• **DATA PROVIDED**:
◇ ◇ ◇ ◇ ◇ ◇ ◇

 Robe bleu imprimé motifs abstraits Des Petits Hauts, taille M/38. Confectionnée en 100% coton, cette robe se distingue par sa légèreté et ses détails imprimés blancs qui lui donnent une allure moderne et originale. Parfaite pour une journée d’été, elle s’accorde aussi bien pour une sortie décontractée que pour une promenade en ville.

◇ ◇ ◇ ◇ ◇ ◇ ◇

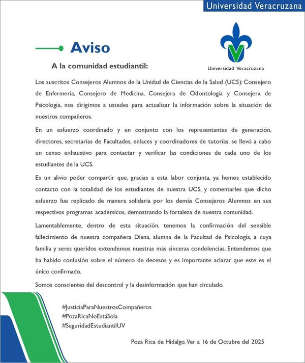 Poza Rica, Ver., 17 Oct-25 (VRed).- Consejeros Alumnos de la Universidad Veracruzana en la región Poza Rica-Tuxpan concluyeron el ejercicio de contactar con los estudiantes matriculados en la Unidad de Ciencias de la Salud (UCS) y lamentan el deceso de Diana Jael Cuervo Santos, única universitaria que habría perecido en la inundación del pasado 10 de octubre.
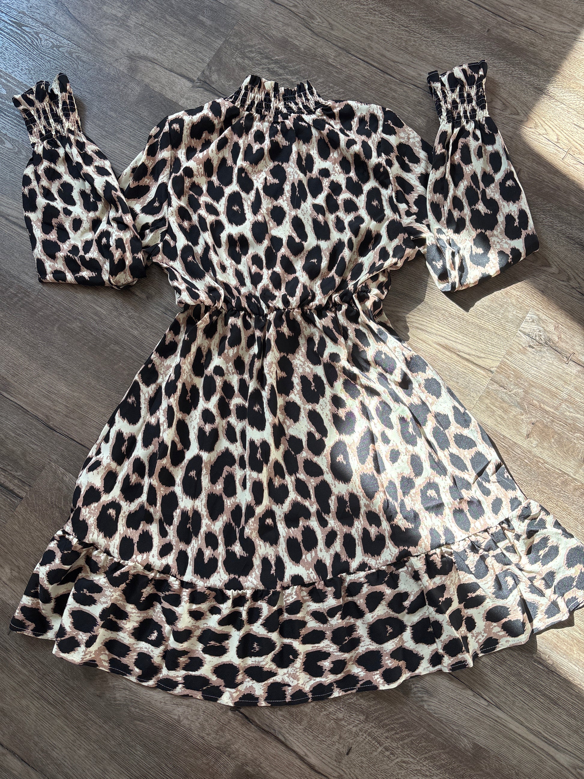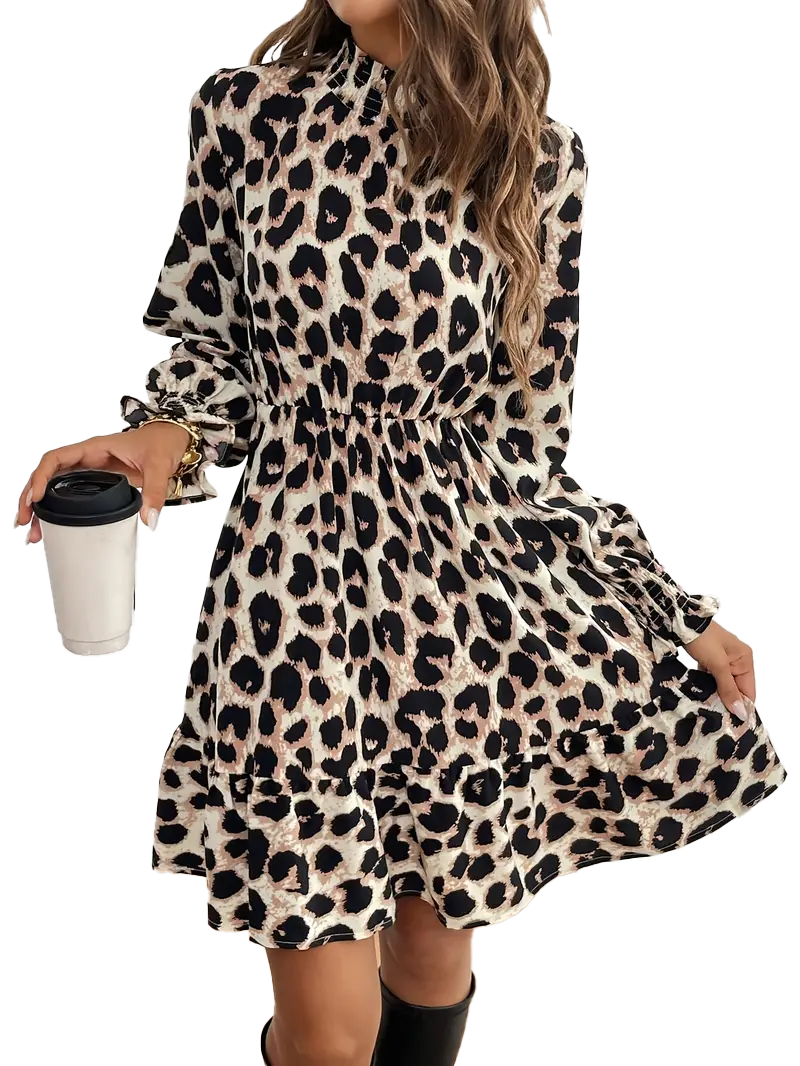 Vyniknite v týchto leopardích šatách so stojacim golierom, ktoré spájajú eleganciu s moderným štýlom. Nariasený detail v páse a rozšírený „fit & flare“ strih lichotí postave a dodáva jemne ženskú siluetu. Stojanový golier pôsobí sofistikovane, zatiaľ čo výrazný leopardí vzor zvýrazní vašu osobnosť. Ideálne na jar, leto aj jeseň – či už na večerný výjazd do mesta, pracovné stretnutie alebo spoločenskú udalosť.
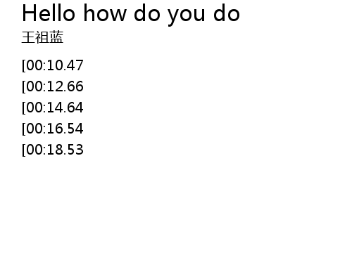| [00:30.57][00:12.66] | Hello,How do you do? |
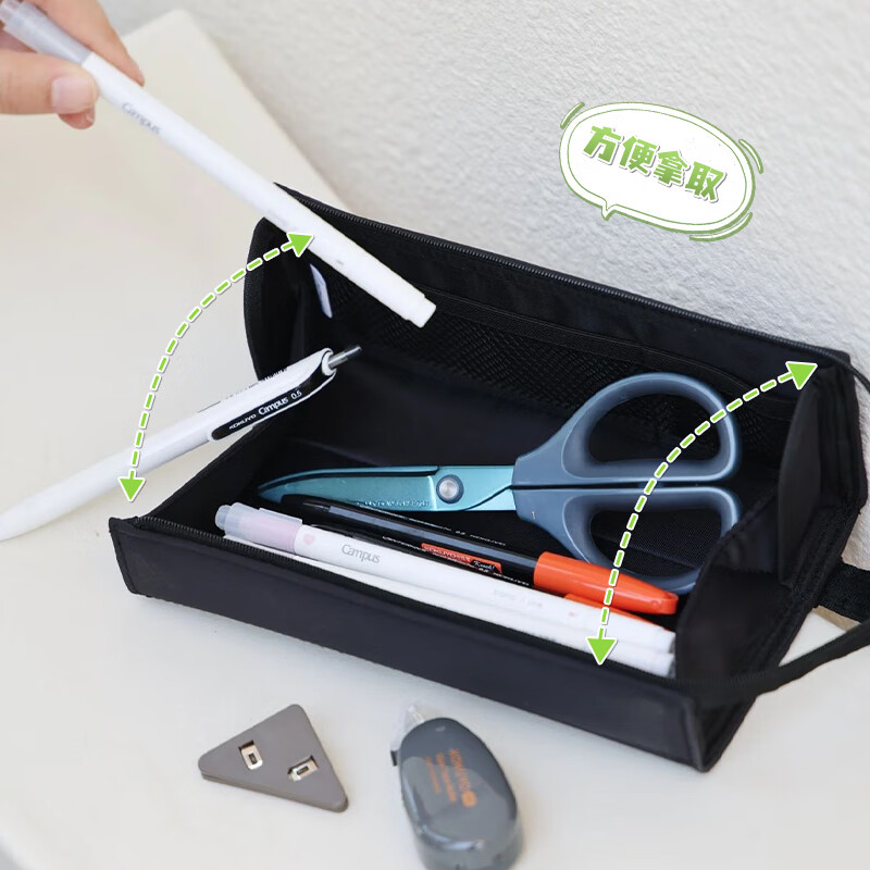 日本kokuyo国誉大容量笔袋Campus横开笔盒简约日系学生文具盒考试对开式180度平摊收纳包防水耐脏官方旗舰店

◇ ◇ ◇ ◇ ◇ ◇ ◇

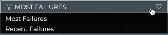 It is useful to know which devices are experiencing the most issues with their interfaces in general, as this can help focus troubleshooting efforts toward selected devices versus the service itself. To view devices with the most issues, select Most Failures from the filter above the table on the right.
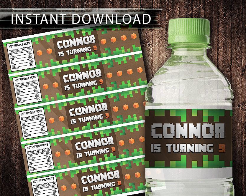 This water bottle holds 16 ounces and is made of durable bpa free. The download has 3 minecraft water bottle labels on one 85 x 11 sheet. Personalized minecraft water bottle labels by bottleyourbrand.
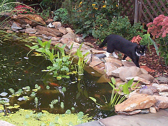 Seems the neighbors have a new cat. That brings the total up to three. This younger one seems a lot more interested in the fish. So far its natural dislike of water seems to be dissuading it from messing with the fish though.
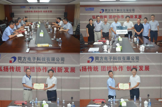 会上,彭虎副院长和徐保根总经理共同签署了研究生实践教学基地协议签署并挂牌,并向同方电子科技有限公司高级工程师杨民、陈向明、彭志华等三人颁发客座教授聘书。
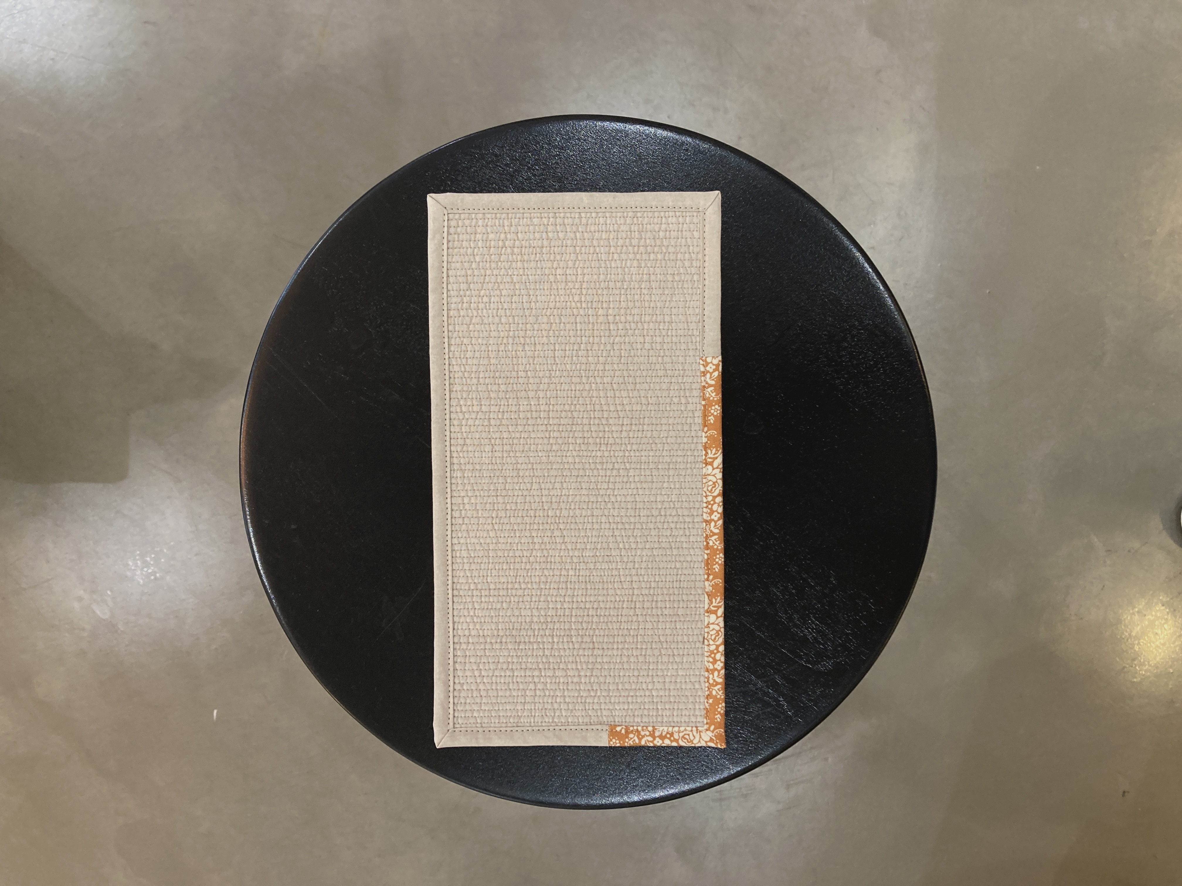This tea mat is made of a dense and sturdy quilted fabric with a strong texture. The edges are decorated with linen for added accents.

◇ ◇ ◇ ◇ ◇ ◇ ◇

• **TASK TO COMPLETE**:
From the records above, quote word for word only the lines beginning at the line that has "It is useful" and stopping after the line that has "This tea mat". Omit the pictures.

• **EXPECTED ANSWER**:
 It is useful to know which devices are experiencing the most issues with their interfaces in general, as this can help focus troubleshooting efforts toward selected devices versus the service itself. To view devices with the most issues, select Most Failures from the filter above the table on the right.
 This water bottle holds 16 ounces and is made of durable bpa free. The download has 3 minecraft water bottle labels on one 85 x 11 sheet. Personalized minecraft water bottle labels by bottleyourbrand.
 Seems the neighbors have a new cat. That brings the total up to three. This younger one seems a lot more interested in the fish. So far its natural dislike of water seems to be dissuading it from messing with the fish though.
 会上,彭虎副院长和徐保根总经理共同签署了研究生实践教学基地协议签署并挂牌,并向同方电子科技有限公司高级工程师杨民、陈向明、彭志华等三人颁发客座教授聘书。
This tea mat is made of a dense and sturdy quilted fabric with a strong texture. The edges are decorated with linen for added accents.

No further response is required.